You need to ingest a large JSON file that contains an array of objects. Each object should be split into its own document in MarkLogic.

Solution

Applies to MarkLogic versions 8+

declareUpdate();

// Insert URL of zipped JSON file
let url = "REPLACE WITH URL";
// Insert the name of the JSON file within the .zip
let zipFile = "REPLACE WITH FILENAME";
let zip = xdmp.documentGet(url);

let idx = 0;
for (let rec of fn.head(xdmp.zipGet(zip, zipFile)).xpath("./results")) {
  xdmp.documentInsert("/content/rec-" + idx++ + ".json", rec);
}

(: Insert URL of zipped JSON file :)
let $url := "REPLACE WITH URL"
(: Insert the name of the JSON file within the .zip :)
let $zip-file := "REPLACE WITH FILENAME"
let $zip := xdmp:document-get($url)
for $rec at $idx in xdmp:zip-get($zip, $zip-file)/results
return xdmp:document-insert("/content/rec-" || $idx || ".json"), $rec)

Discussion

The basic unit of storage in MarkLogic is a document.
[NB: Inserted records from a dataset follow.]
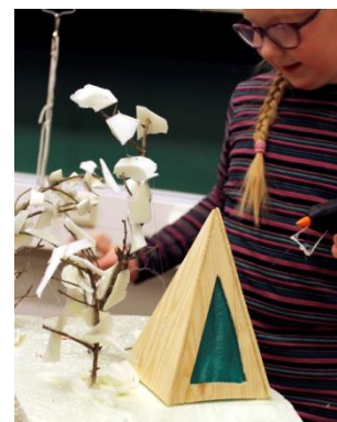
Näppi-nikkarien pilotti-tehtävässä ideoitiin, suunniteltiin ja rakennettiin saarelle oma paikka valoilla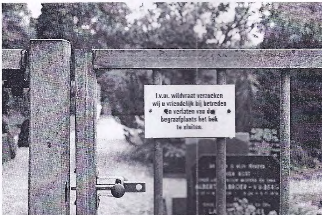
toegangshek begraafplaats Schaarsbergen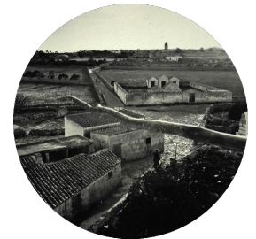
Cementerio y alrededores 1962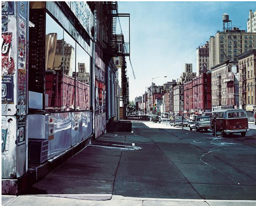
Slika 1. „Avenija Columbus u ulici 90“, 1974., Richard Estes

Richard Estes je američki umjetnik poznat po svojim fotorealističnim slikama. Njegove slike prikazuju gradske pejzaže. Prepoznatljiv je po svjetlucavim površinama nehrđajućega čelika, telefonskih govornica i izloga. Poput Chucka Closea, Audrey Flack i Vije Celmis, Estes stvara slike dobivene s fotografija preciznim i gotovo nevidljivim potezima kista. 1968. godine galerija Allan priredila je Estesu prvu samostalnu izložbu poslije koje se mogao usredotočiti na samostalni rad. Estes se u novije vrijeme koristi digitalnim softverom za manipulaciju i kombiniranje više fotografija za svoj izvorni materijal. Njegovi radovi se čuvaju u zbirkama Muzeja moderne umjetnosti u New Yorku, Nacionalne umjetničke galerije u Washingtonu, Umjetničkom institutu u Chicagu i Visokom muzeju umjetnosti u Atlanti.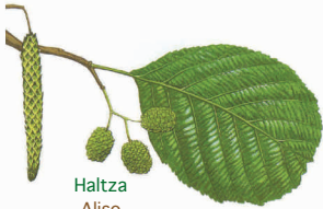
Haltza Aliso (Alnus glutinosa)

Iglesia de Santo Tomás de Olabarrieta, fuente de Uratsa, robledales de Ermitabarri, río Gezala, caserío de Gezalabekoa, casa de baños, alisos, ericeras, barrio de Sarasola, barrio de Kareaga.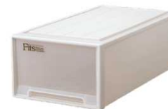
衣装ケース（長辺1m未満） 200円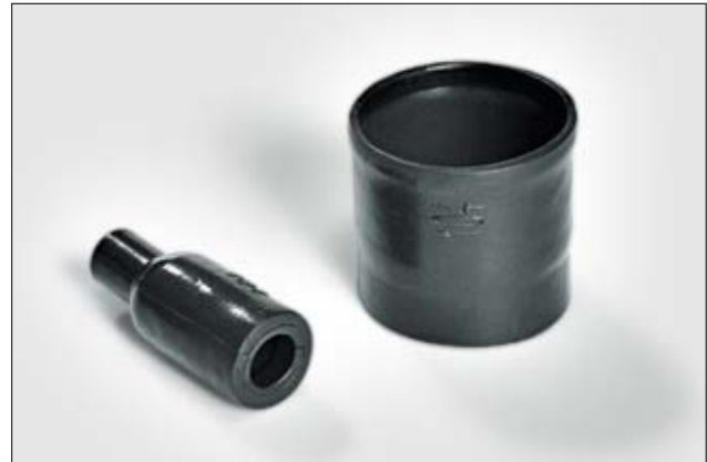
113-4-G ungeschrunft und vollständig geschrumpft.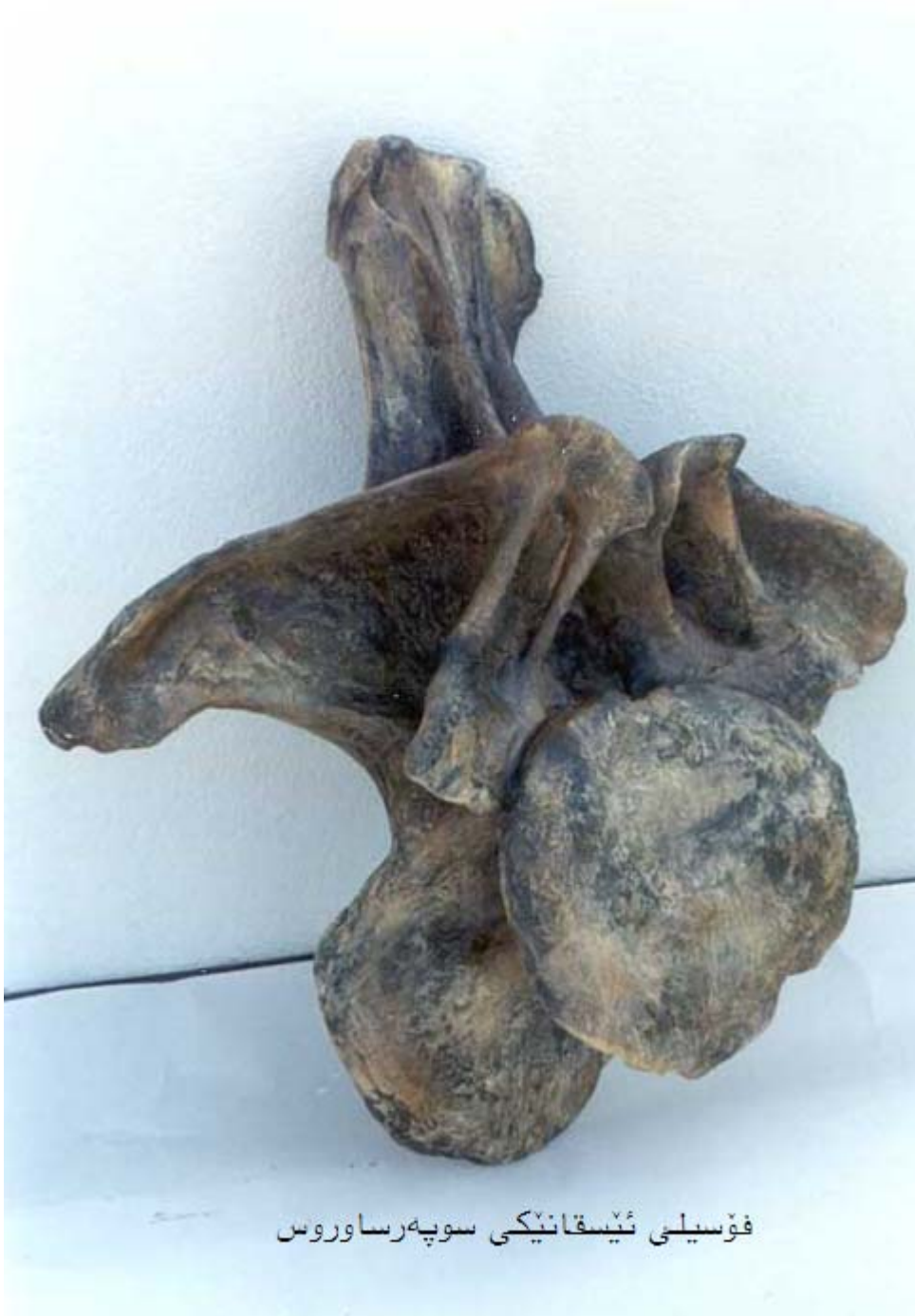
فوسيلي ئيسقانيكي سوپه رساوروس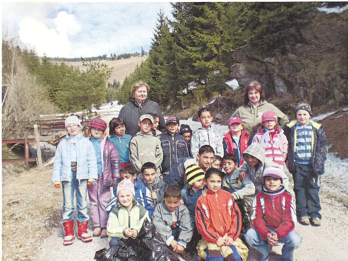
Malý žurnalista d.) Čistíme brehy potokov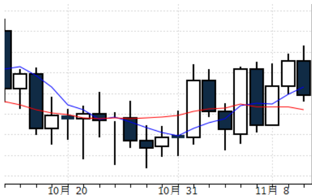
图表 5:国际铂金现货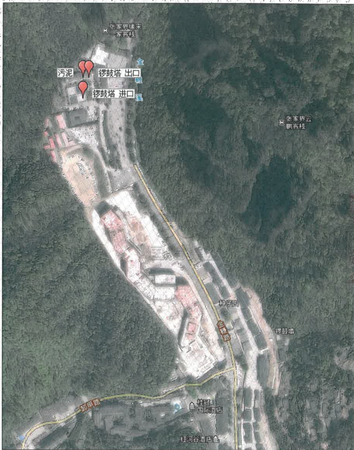
附图 1 点位示意图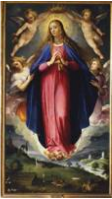
Inmaculada Concepción . Giuseppe Cesari. Museo de la Real Academia de Bellas Artes de San Fernando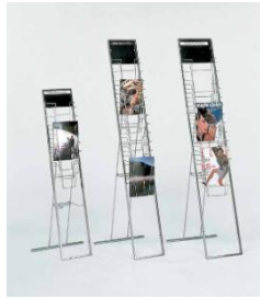
カタログスタンド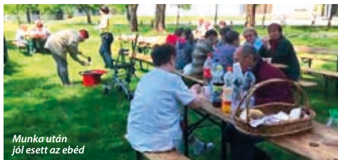
Munka után jól esett az ebéd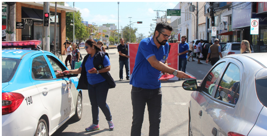
Durante a campanha houve distribuição de material explicativo sobre o projeto.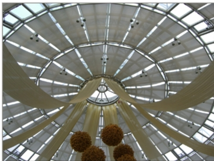
寧波先鋒新材料股份有限公司 (中國內地) 展區：環保產品展區 展位編號：3-E27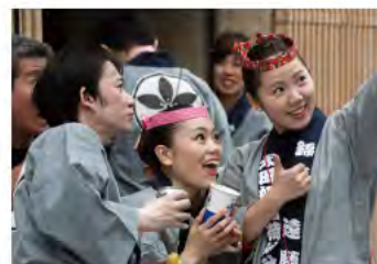
様々な人たちが集い、共に楽しむのが神田の祭りの特徴。あなたも参加してみませんか?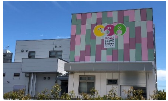
外観には可愛いイラストがあります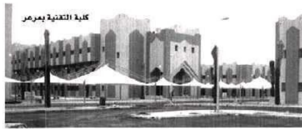
كلية التقنية بمرمر

مجموع مشروعات التعليم الفني والتدريب المهني في ميزانية ١٤٢٨/٢٧ هـ قد بلغ ٢٥٠ مشروعاً. هذا إلى جانب المشروعات الإدارية من مزار إدارية وسكنية ومشاريع الترميمات والإضافات للمنشآت القائمة. إن مستقبلاً زاهراً ينتظر التدريب التقني والمهني في بلادنا فصي هذا الانجاه يسير العالم المعاصر. وملاحم النهضة التنموية التي نفض على أعتابها في هذا العهد المبارك ونحن نشتم عقب ذكرى تأسيس هذا الوطن على يد المؤسس المسلك عبدالعزيز - طيب الله ثراه - تشير إلى حاجة متزايدة لمخرجات هذا النوع من التدريب.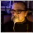
testo di Roby Noris

"Trump sta semplicemente applicando su scala globale una vecchia regola di comportamento: tutto è moralmente lecito, a patto che le azioni condotte aumentino l'utilità generale o particolare. È il principio dell'utilitarismo, una teoria contro cui la Chiesa ha da sempre lottato. È l'esatto contrario della matrice cattolica, che ha favorito l'etica delle virtù e ha generato l'economia civile"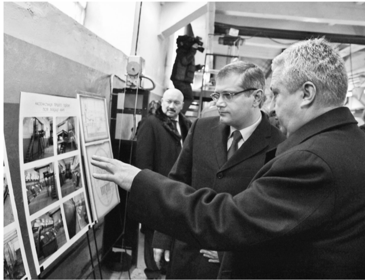
Під час інспекції на Бортницьку станцію аерації в. о. віцепрем'єр-міністра Олександр Вілкул ознайомився з виконанням робіт із реконструкції важливого для міста об'єкта

Під час інспекції на Бортницьку станцію аерації керівництво столиці доповіло в. о. віцепрем'єр-міністра Олександру Вілкулу про хід виконання робіт з реконструкції цього важливого для міста об'єкта. Під час візної наради також йшлося про забезпечення якісного очищення стічних вод. БСА є комунальною власністю Києва, проте, враховуючи складність об'єкту та його важливість для Києва, уряд надає допомогу у вирішенні актуальних проблем підприємства.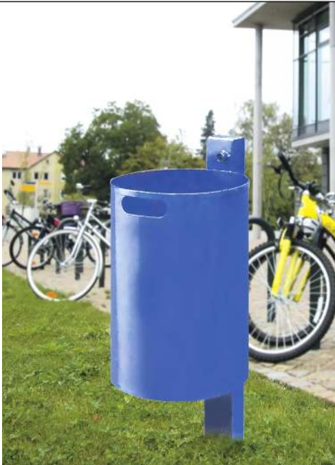
Abfallbehälter KINGSTON, Vollblech, ohne Schutzdach, in RAL 5017 verkehrsblau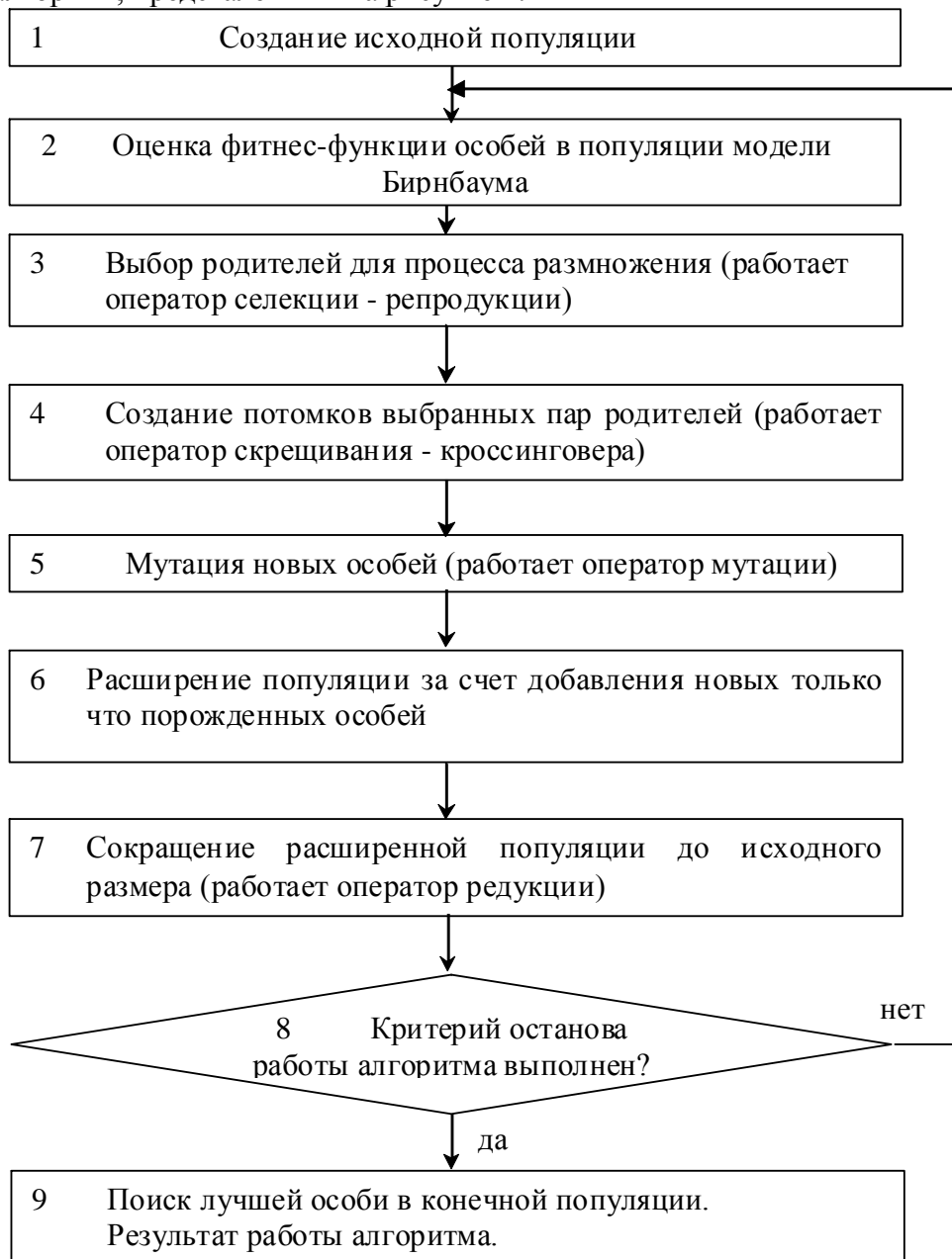
Рисунок 2 – Простой генетический алгоритм

Как уже упоминалось выше, система позволяет генерировать тестовые задания разной сложности. Для автоматического формирования тестовых заданий используется генетический алгоритм, представленный на рисунке 2.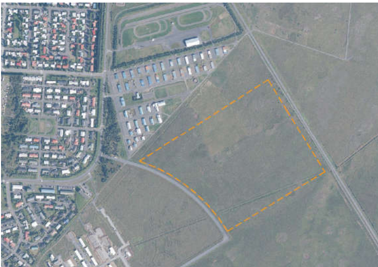
MYND 1 Yfirlitsmynd

Í Aðalskipulagi Árborgar 2010 - 2030 1 er gert ráð fyrir íbúðabyggð (N13) sunnan hesthúsahverfis og austan við Austurhóla sem liggur frá Langholti að Suðurhólum. Skipulagssvæðið er um 20 ha að stærð. Með deiliskipulaginu er verið að skapa svæði til frekari uppbyggingar íbúða í Árborg og svara þannig vaxandi eftirspurn eftir íbúðarlóðum innan sveitarfélagsins.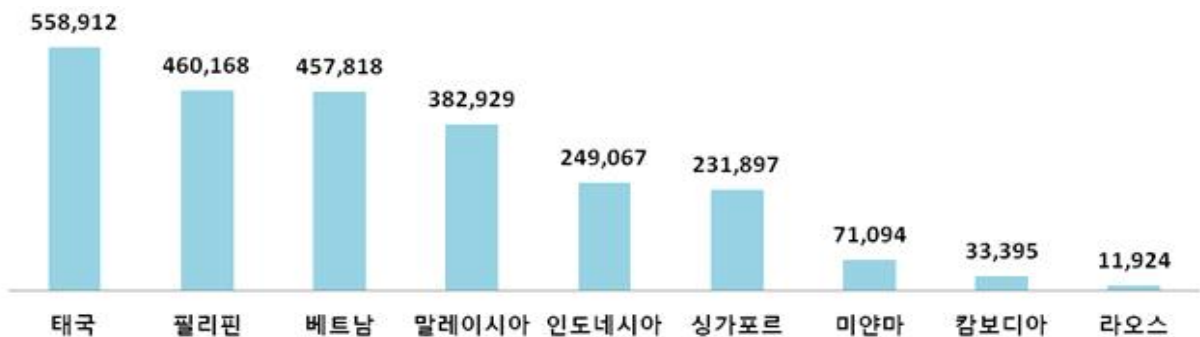
〈2018 동남아시아 국가별 방한 현황〉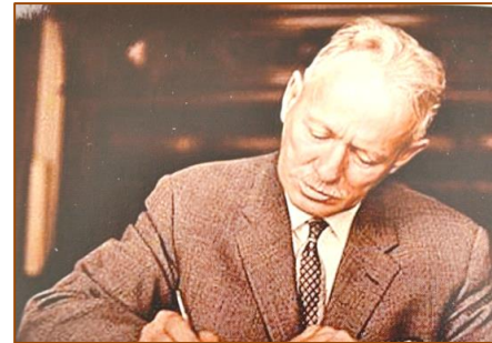
М.А. Шолохов восхищался талантом И. Сикорского – и как великого конструктора, и как лётчика-испытателя, и как философа. Сикорский в свою очередь высоко ценил роман «Тихий Дон», который ему подарил лауреат Нобелевской премии

примером тому является вертолётостроение в России, отрасль, которая находится среди лучших мировых образцов.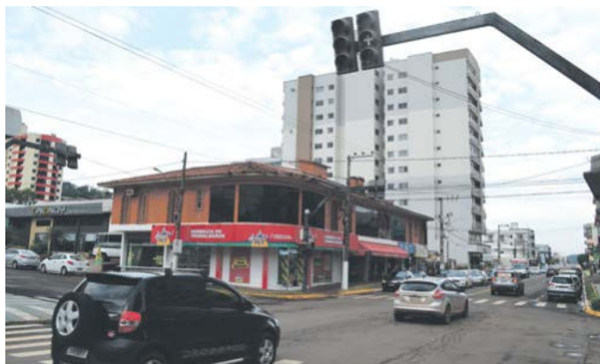
Avenida Sete de Setembro irá contar com rotatórias experimentais

SEMÁFOROS: Após reclamações de motoristas alegando que os semáforos em alguns locais não são eficazes e travam o fluxo de veículos, mudanças estão sendo previstas. Nos semáforos da Avenida Sete de Setembro, nas proximidades da Magazine Luiza e do Restaurante Zatt, serão colocadas rotatórias experimentais. Será feita análise do andamento do trânsito com as mudanças, para então realizar a substituição de forma definitiva. Já na Avenida Anita Garibaldi, esquina com a Rua Prefeito Albino Cerutti Cella, foi optado por uma plataforma elevatória, em razão da circulação de veículos pesados no local.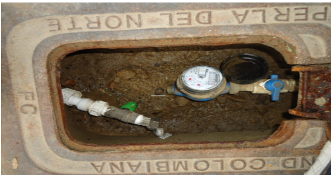
CONTADOR DE AGUA CS 5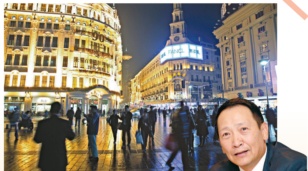
▲圖為上海南京路步行街

入世十年，在中國經濟受益於全球經濟一體化及貿易自由化的同時，中國也為世界經濟發展提供了新的動力，把握「中國機會」將成為大家共同的話題。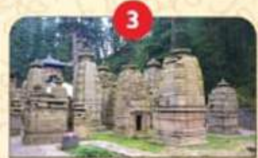
मानसखण्ड मंदिर माला मिशन।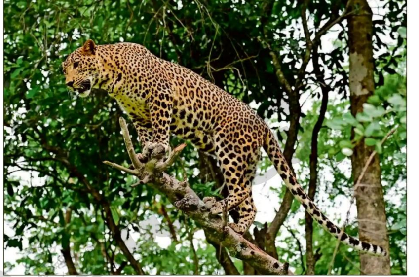
ಬನ್ನೇರುಘಟ್ಟ ಜೈವಿಕ ಉದ್ಯಾನದ ಚಿರತೆ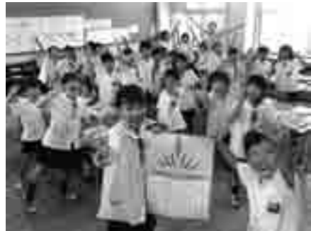
完食賞受賞の喜びに沸く児童たち

上條小学校は、今年で創立 141 年目を迎えますが、何と言っても一番の自慢は、明るく礼儀正しい子どもたちです。朝のあいさつに始まって、大勢が集まっている朝礼でも、私語一つなく整列し、話に集中できる子どもたちがまずは最高の自慢です。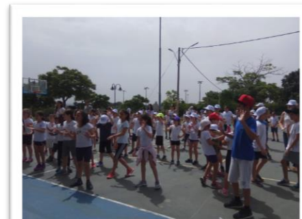
אירוע שנתי במגשימים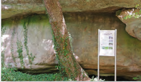
[2] Felsen aus Mittlerem Stubensandstein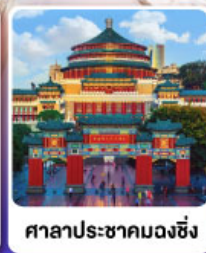
ศาลาประชาคมดงซิ่ง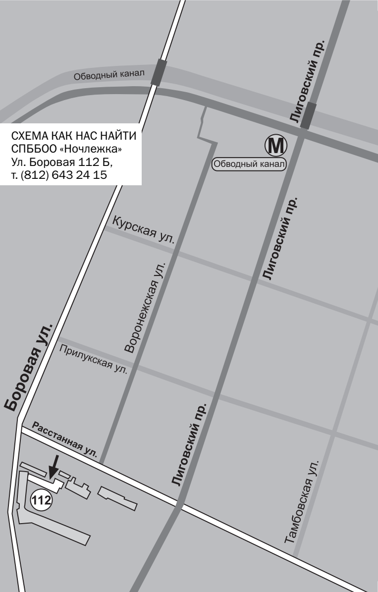
СХЕМА КАК НАС НАЙТИ СПББОУ «Ночлежка» Ул. Боровая 112 Б, т. (812) 643 24 15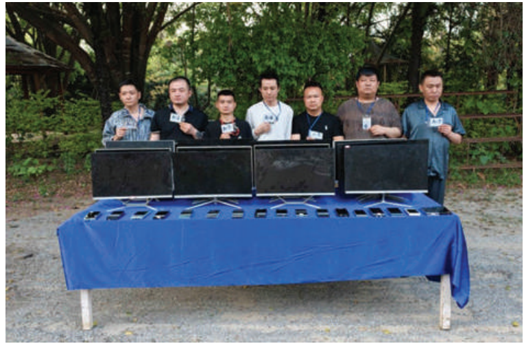
မူဆယ်မြို့ စွမ်းစော်ရပ်ကွက်အတွင်း အွန်လိုင်းလိမ်လည်လောင်းကစားမှု ကျူးလွန်သူများကို ဆက်စပ်ပစ္စည်းများနှင့်အတူ ဖမ်းဆီးရမိမှုမှတ်တမ်းဓာတ်ပုံ။

ဖုန်းမျိုးစုံ ၁၁၈ လုံး၊ Starlink ၁၆ ခု၊ Wire- less Router ၁၃ လုံး၊ မီးစက် နှစ်လုံးတို့နှင့် အတူ ဖမ်းဆီးရမိခဲ့သည်။ ထို့ပြင် နယ်မြေလုံခြုံရေးဆောင်ရွက် နေသော လုံခြုံရေးတပ်ဖွဲ့ဝင်များသည် ရှမ်းပြည်နယ်(မြောက်ပိုင်း) မူဆယ်မြို့ စွမ်းစော်ရပ်ကွက် မန်ဝိန်းနယ်မြေအတွင်း အွန်လိုင်းလိမ်လည် လောင်းကစားလုပ် ကိုင်သူများရောက်ရှိနေကြောင်း သတင်း အရ ယနေ့ညနေပိုင်းတွင် သွားရောက် ရှာဖွေစစ်ဆေးခဲ့ရာ မန်ဝိန်းနယ်မြေ အတွင်းမှ အွန်လိုင်းလိမ်လည်လောင်း ကစားလုပ်ကိုင်သူ တရုတ်နိုင်ငံသား အမျိုးသား ခုနစ်ဦးကို ဖုန်းမျိုးစုံ ၃၆ လုံး၊ ကွန်ပျူတာ ၂၃ လုံးတို့နှင့်အတူ ဖမ်းဆီး ရမိခဲ့သည်။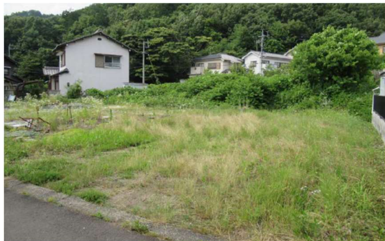
現地写真 (南側前面道路含む)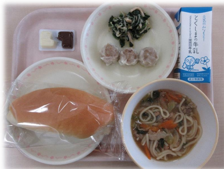
12月1日(火) コッペパン とくしまラーメン 肉しゅうまい もやしのナムル ペアチョコ 牛乳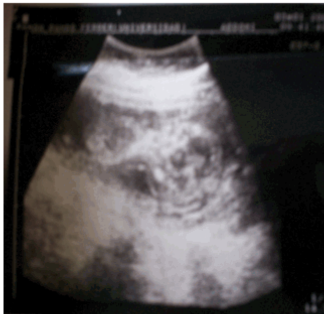
Figura 1. Imagen de una TN aumentada en producto con síndrome de Down diagnosticado prenatalmente.

El total de anomalías cromosómicas presentadas en la provincia en el período bajo estudio fue de 56, de ellas con una TN mayor de 3 mm se presentaron siete, que representan el 12,5 % del total, así como en el rango de valores de TN entre 2,5-2,9 mm, se encontró igual número de casos. La TN por debajo de los 2,4 mm se observó en el 60,7 % de las cromosomopatías y en 14,3 % (8 casos) no se conocía el dato específico, por no encontrarse registrado en la estadística del centro municipal, pero el USIT fue normal, por lo que en general el 75 % tuvieron TN normal.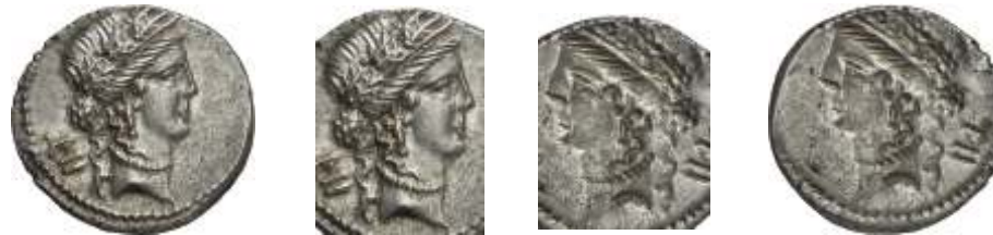
1400 Júlio César. (48-47 a.C.). Galia. Denario. (Craw. 452/2) (FFC. 14). Anv.: Cabeza laureada y diademada de la Piedad, detrás LII. Rev.: Incuso. Bella. 4,03 g. EBC .....

When we have an input document that describes many entities, we’ll want to split those into one document per entity. It’s not unusual to find aggregate documents in this form.

MarkLogic Content Pump (mlcp) provides ways to split two types of aggregate documents: XML documents where a each child of the root element will become its own document, and line-delimited JSON documents, in which each line is a separate bit of JSON. If you have a document that looks like those, your best bet is to use MLCP. This recipe covers a different case, where you’ve got one large JSON document that contains an array, and you want to make each item in the array into a document in MarkLogic.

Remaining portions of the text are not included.